WHAT IS BEING ASKED:
Print word for word whatever lies between the first line of the material and the line holding "DUGROOのコンソールボッ", both included, and omit all pictures.

### GIVEN MATERIAL

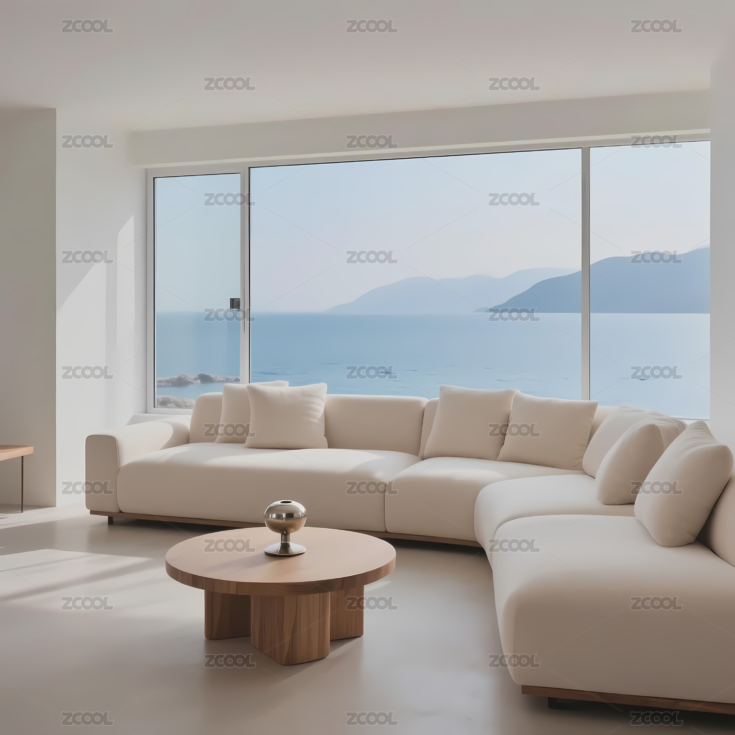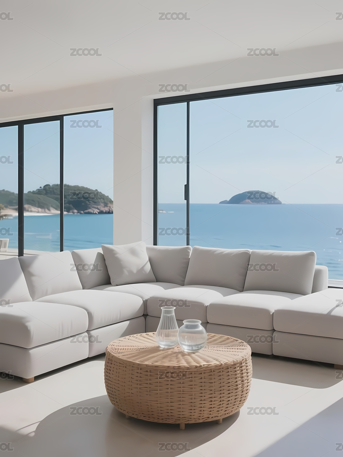客厅,沙发,海景,窗户,现代,简约,家具,圆形,茶几,宽敞
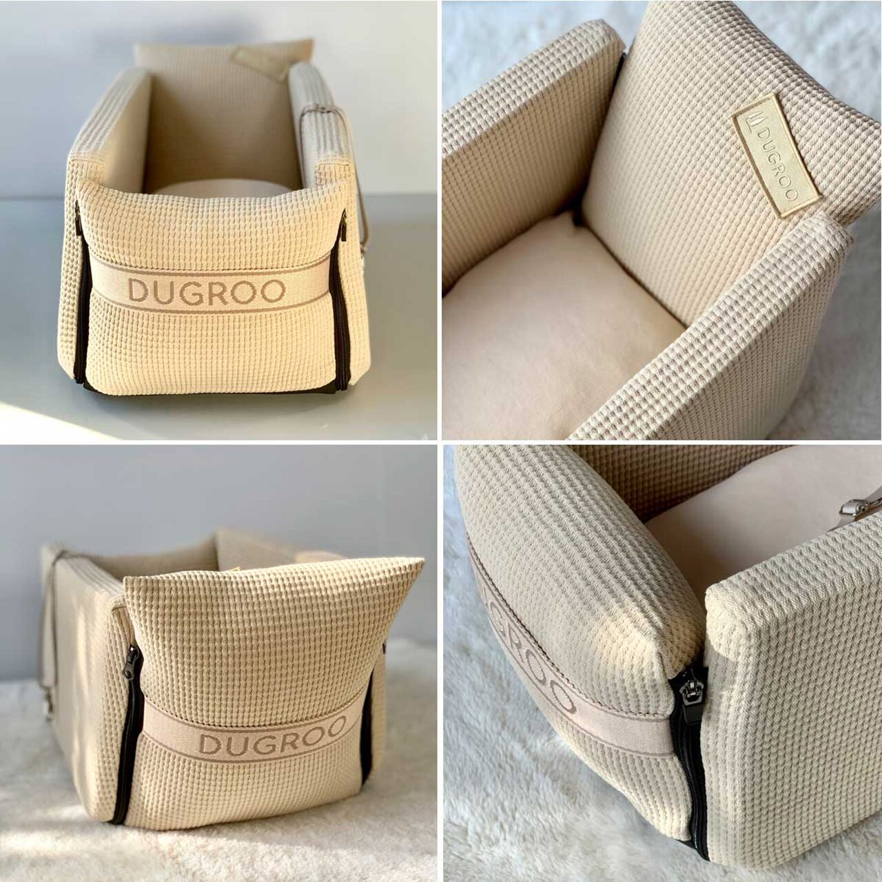 DUGROOのコンソールボックスは安全性を第一に考え、素材から含め全てデザイン設計されています。素材は最高級のコットン100%の素材で製作されお洗濯が可能。肌がふれても安心でかわいい我が子たちには常に清潔な空間で過ごしてもらいたいというデザイナーの思いが込められています。
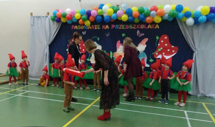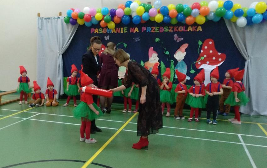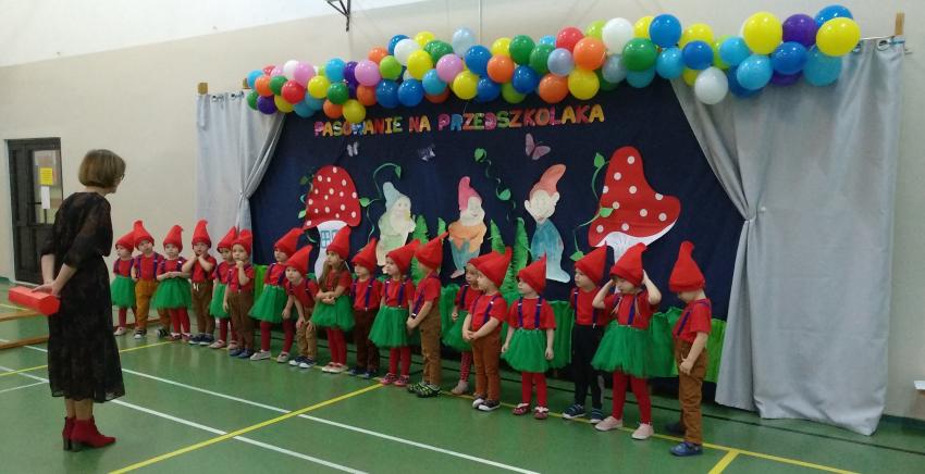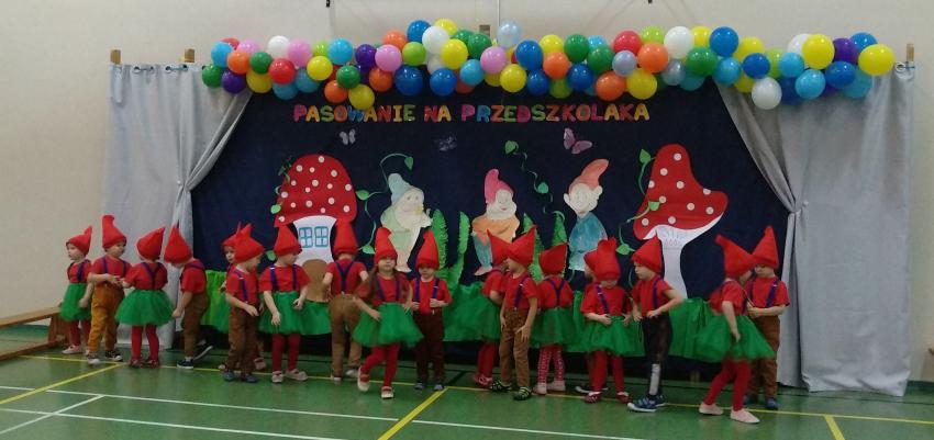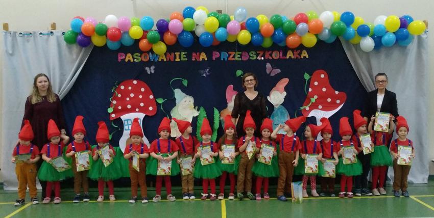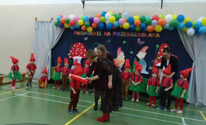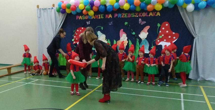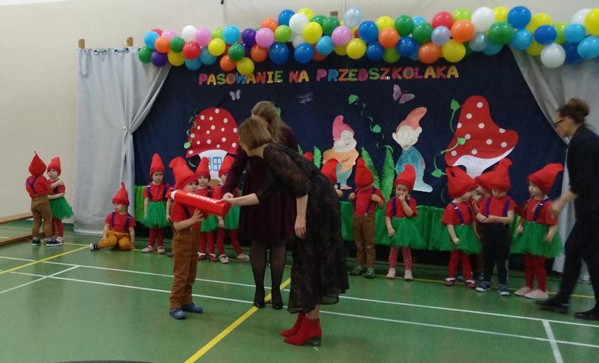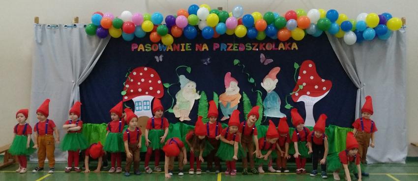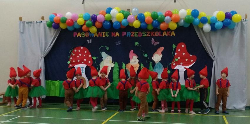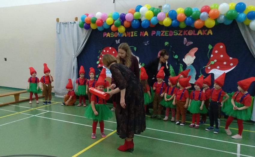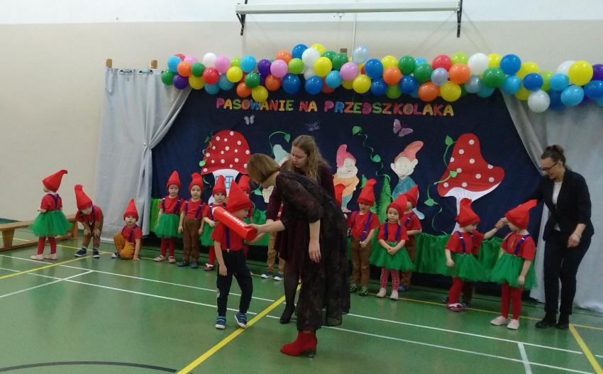 „Pasowanie na przedszkolaka” w grupie I „Krasnoludki” odbyło się 23 listopada 2021 r. Dzieci w tym dniu były prawdziwymi krasnalami, które zaprezentowały swoje umiejętności wokalne, taneczne oraz recytatorskie. Było to pierwsze wystąpienie Krasnoludków, z którym poradziły sobie na medal. Po zakończeniu części artystycznej nadszedł czas na uroczyste pasowanie każdego dziecka na przedszkolaka. Pani Dyrektor za pomocą „czarodziejskiego ołówka" przyjęła z radością nasze najmłodsze dzieci do wielkiej przedszkolnej rodziny. Na pamiątkę tego ważnego wydarzenia każdy przedszkolak otrzymał dyplom pasowania.
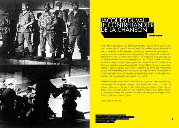 Jacques Duvall et Les Editions du Caïd bousculent ici le concept de la bio d’artiste, avec un livre adossé à une documentation de toute première main. Cette très belle compilation d’articles de presse et d’interviews (dont le texte inédit de son ami Gilles Verlant, écrit peu avant le décès de celui-ci) entre en résonance avec une galerie de photos et de documents inattendus pour, au final, composer un inventaire subjectif et tellement cohérent de moments clés. (...) Au fil des pages et des images, les souvenirs duvalliens s’imbriquent et se complètent, en creux. Avec la patte de Duvall, celle qui fait mouche avec ses airs de ne pas y botter, en touche qui touche.

######

EXERCISE RESULT:
客厅,沙发,海景,窗户,现代,简约,家具,圆形,茶几,宽敞
 DUGROOのコンソールボックスは安全性を第一に考え、素材から含め全てデザイン設計されています。素材は最高級のコットン100%の素材で製作されお洗濯が可能。肌がふれても安心でかわいい我が子たちには常に清潔な空間で過ごしてもらいたいというデザイナーの思いが込められています。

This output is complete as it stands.